WHY, YOU MAY ASK, DOES THE URKOBOLD CARE? BECAUSE THE URKOBOLD HAS SPENT MILLIONS of DEUTSCHMARKS ON REGISTERING AND PROTECTING THE TRADEMARK, URKO-_____. WHOLE LINES OF PRODUCTS DEPEND ON THIS BRANDING IDENTIFIER, INCLUDING:
WHY, YOU MAY ASK, DOES THE URKOBOLD CARE? BECAUSE THE URKOBOLD HAS SPENT MILLIONS of DEUTSCHMARKS ON REGISTERING AND PROTECTING THE TRADEMARK, URKO-_____. WHOLE LINES OF PRODUCTS DEPEND ON THIS BRANDING IDENTIFIER, INCLUDING:
- URKONDOMS - A NEW LINE OF PADDED CONDOMS (INSPIRED BY THE SIMILARLY DECEPTIVE PADDED BRA) TO SIMULATE BUT NEVER DUPLICATE THE EXPERIENCE OF HAVING THE MASSIVE SEXUAL ORGAN OF THE URKOBOLD.

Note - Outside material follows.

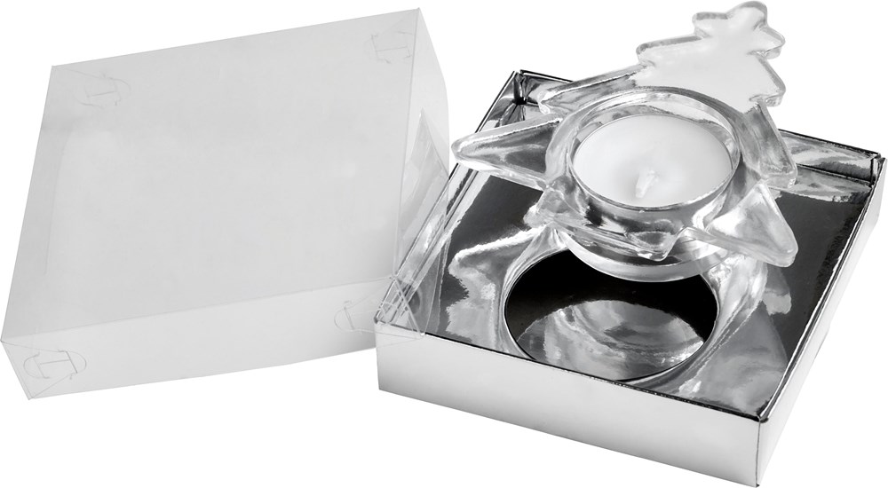 Support en verre avec bougie conditionné dans une boîte cadeau.plus
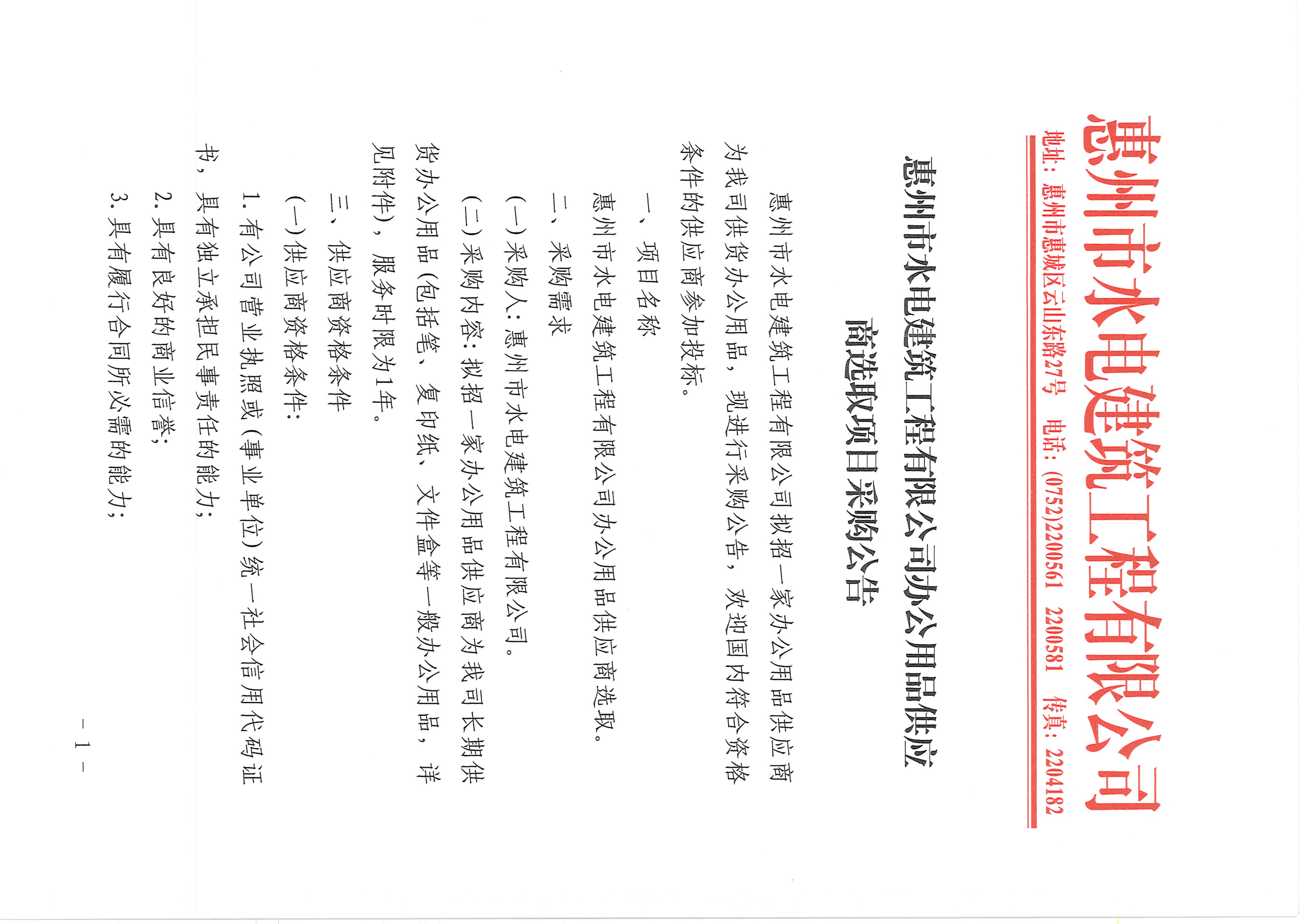 惠州市水電建筑工程有限公司辦公用品供應商選取項目采購公告附件:

- URKOKE - SIMILAR TO AN ATLANTA-BASED BEVERAGE COMPANY'S DRINK'S ORIGINAL RECIPE.
- URKOMICS - PORNOGRAPHIC COMICS FEATURING SUPERTROLLS AND THEIR TROLLISH ADVENTURES. FOR ELEMENTARY SCHOOL KIDS.
- URKODPIECE - THE URKOBOLD INTENDS TO BRING BACK CODPIECES WITH A VENGEANCE. NOT JUST THE SIMPLE KIND, BUT THE ONES THAT MAKE IT DIFFICULT TO WALK FIVE FEET BEHIND ANYONE ELSE. UNLESS YOU WANT TO MAKE A CERTAIN URKOIMPRESSION, THAT IS.
- URKOED - A SERVICE, RATHER THAN A PRODUCT, URKOED WILL BE OFFERED TO COLLEGE STUDENTS IN SEARCH OF ATTRACTIVE ROOMMATES WHO WILL HAVE SEXUAL RELATIONS WITH THEM. NOT PROSTITUTION, AS THE URKOBOLD, NOT THE URKOEDS, WILL BE PAID.
- URKOFF - AN EXCITING NEW MASTURBATION TECHNIQUE TO BE PIONEERED BY THE URKOBOLD.
- URKOFFEE - MMMMMM, TROLLISH COFFEE. INSTEAD OF WAKING YOU UP, A DRINK OF URKOFFEE PISSES YOU OFF.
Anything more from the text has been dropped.